# scraped
Tools for scraping.
To install: ```pip install scraped```
# Showcase of main functionalities
Note that when pip installed, `scraped` comes with a command line tool of that name.
Run this in your terminal:
```bash
scraped -h
```
Output:
```
usage: tools.py [-h] {markdown-of-site,download-site,scrape-multiple-sites} ...
...
```
These tools are written in python, so you can use them by importing
```python
from scraped import markdown_of_site, download_site, scrape_multiple_sites
```
`download_site` downloads one (by default, `depth=1`) or several (if you specify
a larger `depth`) pages of a target url, saving them in files of a folder of
your (optional) choice.
`scrape_multiple_sites` can be used to download several sites.
`markdown_of_site` uses `download_site` (by default, saving to a temporary folder),
then aggregates all the pages into a single markdown string, which it can save for
you if you ask for it (by specifying a `save_filepath`)
Below you'll find more details on these functionalities.
You'll find more useful functions in the code, but the three I mention here are
the "top" ones I use most often.
## markdown_of_site
Download a site and convert it to markdown.
This can be quite useful when you want to perform some NLP analysis on a site,
feed some information to an AI model, or simply want to read the site offline.
Markdown offers a happy medium between readability and simplicity, and is
supported by many tools and platforms.
Args:
- url: The URL of the site to download.
- depth: The maximum depth to follow links.
- filter_urls: A function to filter URLs to download.
- save_filepath: The file path where the combined Markdown will be saved.
- verbosity: The verbosity level.
- dir_to_save_page_slurps: The directory to save the downloaded pages.
- extra_kwargs: Extra keyword arguments to pass to the Scrapy spider.
Returns:
- The Markdown string of the site (if save_filepath is None), otherwise the save_filepath.
```python
>>> markdown_of_site(
... "https://i2mint.github.io/dol/",
... depth=2,
... save_filepath='~/dol_documentation.md'
... ) # doctest: +SKIP
'~/dol_documentation.md'
```
If you don't specify a `save_filepath`, the function will return the Markdown
string, which you can then analyze directly, and/or store as you wish.
```python
>>> markdown_string = markdown_of_site("https://i2mint.github.io/dol/") # doctest: +SKIP
>>> print(f"{type(markdown_string).__name__} of length {len(markdown_string)}") # doctest: +SKIP
str of length 626439
```
## download_site
```python
download_site('http://www.example.com')
```
will just download the page the url points to, storing it in the default rootdir,
which, for example, on unix/mac, is `~/.config/scraped/data`, but can be configured
through a `SCRAPED_DFLT_ROOTDIR` environment variable.

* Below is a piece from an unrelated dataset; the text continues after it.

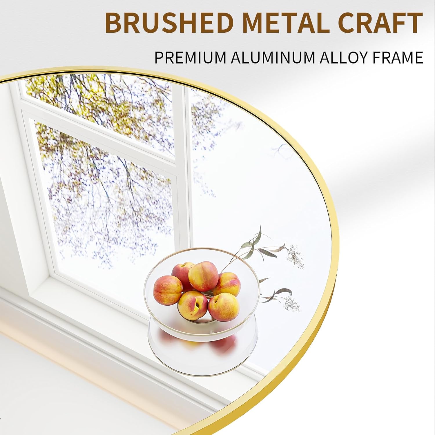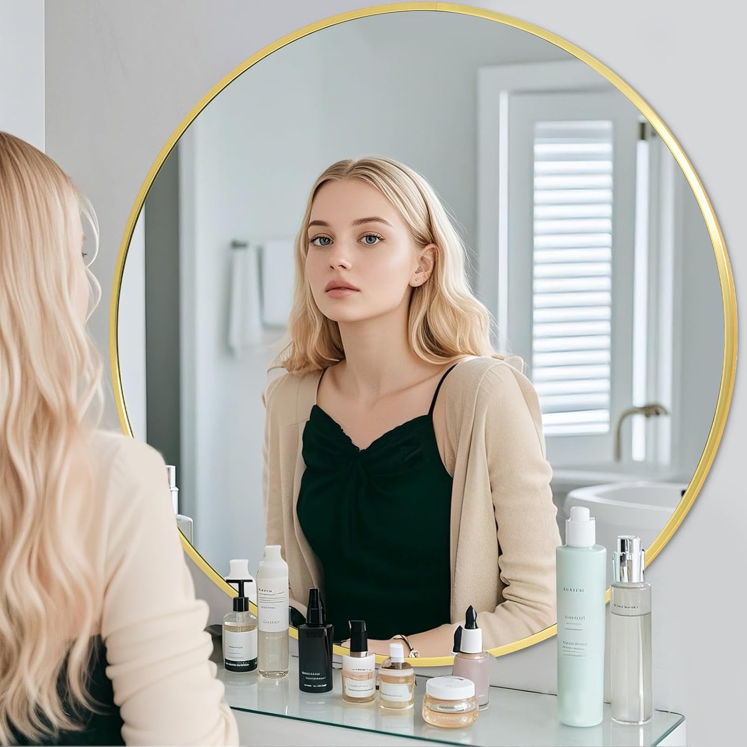 - Modern Brushed Frame Design: 48-inch gold circle mirror is crafted of an aluminum alloy metal sleek frame, making it ideal for bathroom mirror, entrance mirror, vanity mirror, living room mirror

The `depth` argument will enable you to download more content starting from the url:
```python
download_site('http://www.example.com', depth=3)
```
And there's more arguments:
* `start_url`: The URL to start downloading from.
* `url_to_filepath`: The function to convert URLs to local filepaths.
* `depth`: The maximum depth to follow links.
* `filter_urls`: A function to filter URLs to download.
* `mk_missing_dirs`: Whether to create missing directories.
* `verbosity`: The verbosity level.
* `rootdir`: The root directory to save the downloaded files.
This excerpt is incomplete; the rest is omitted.